Australian technology news, reviews, and guides to help you
Australian technology news, reviews, and guides to help you

HTC’s U11 gets a mobile VR headset… sort of

HTC makes one of the better VR headsets in the HTC Vive, but it hasn’t crossed over into the world of portable virtual reality for some reason, but an announcement in Japan could change that shortly.

Whether you’re keen to dabble in virtual reality or you really don’t care, there’s one clear message: the next level of entertainment that immerses you from the head down is definitely coming, and it’s something quite a few manufacturers believe in.

We’ve seen Samsung’s big push for mobile virtual reality with the Oculus-assisted Gear VR headset, Google’s attempt at making mobile VR a little more generic with the fabric-lined Daydream View VR, but strangely HTC — which has a big desktop presence — doesn’t have a mobile option.

But that might change soon, as HTC has unveiled something in Japan and Japan only, showing off a device it calls the “HTC Link”.

Different from the HTC Vive, the Link is still a VR headset, only it is designed to work with a mobile phone, and not in the same way as either the Samsung Gear VR or Google Daydream View VR, forgoing the phone’s screen being used as your VR headset screen and replacing it with a dedicated screen inside the headset.

That doesn’t mean the HTC Link won’t use the phone, however, with the concept still being plugged in and using a very specific smartphone — HTC’s U11 — to control the software experience, as well as sensors to track movement, basically turning the HTC Link into a mobile HTC Vive.

As interesting as this is, it will be fairly hard to find, at least upon first release, with Japan seeing it first in conjunction with a promotion linking the headset (no pun intended) to a “Ghost in the Shell” animated program.

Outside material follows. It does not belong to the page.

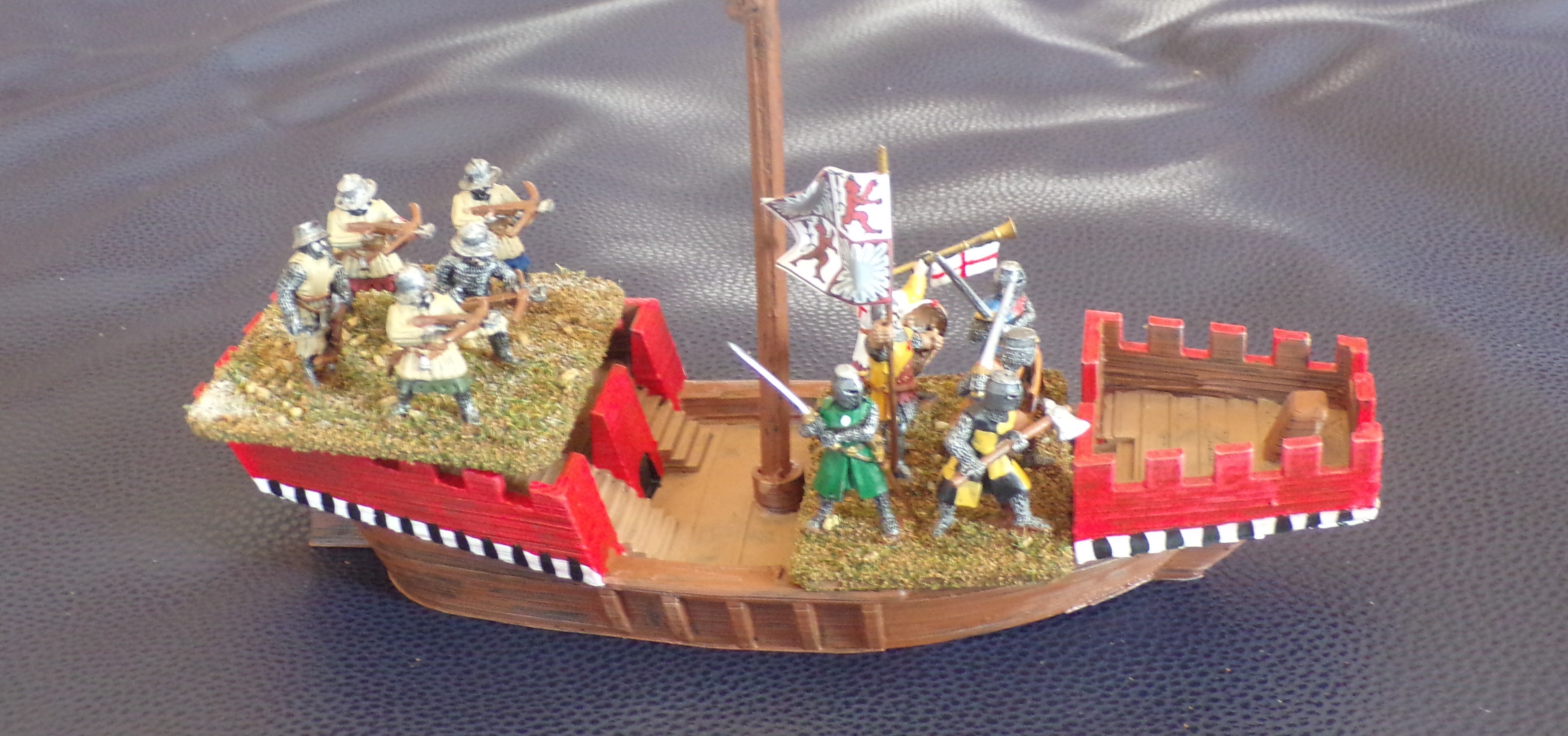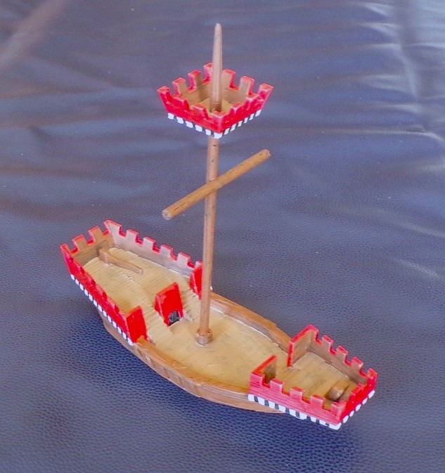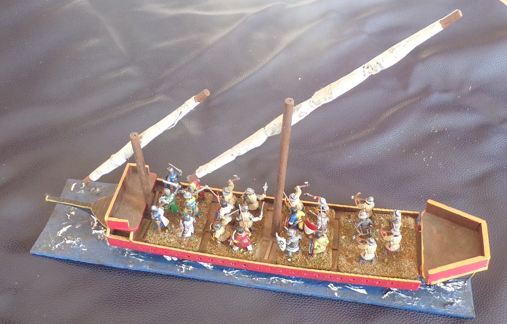 Small cogs were the typical trading and military vessels of the period. They can hold 3 bases of troops, but only 2 on deck at any given time (the other is in the hold). They provide cover for troops in the "castles" fore and aft.

It’s worth noting that HTC’s take on the VR headset is similar in some ways to what LG demonstrated in one of last year’s “friends of LG” gadgets for the G5, with a VR headset that relies on a smartphone as an entertainment source to make something happen. HTC’s Link appears to go a little further, with motion markers included and not just another 360 degree headset, but the concepts are similar in execution, at least upon initial glance.

Whether Australian HTC U11 owners will see them locally, that’s a question we don’t have an answer to, but we’ll nudge HTC a little more to find out if it will come to our little nearby nation, and follow up this story when we know more.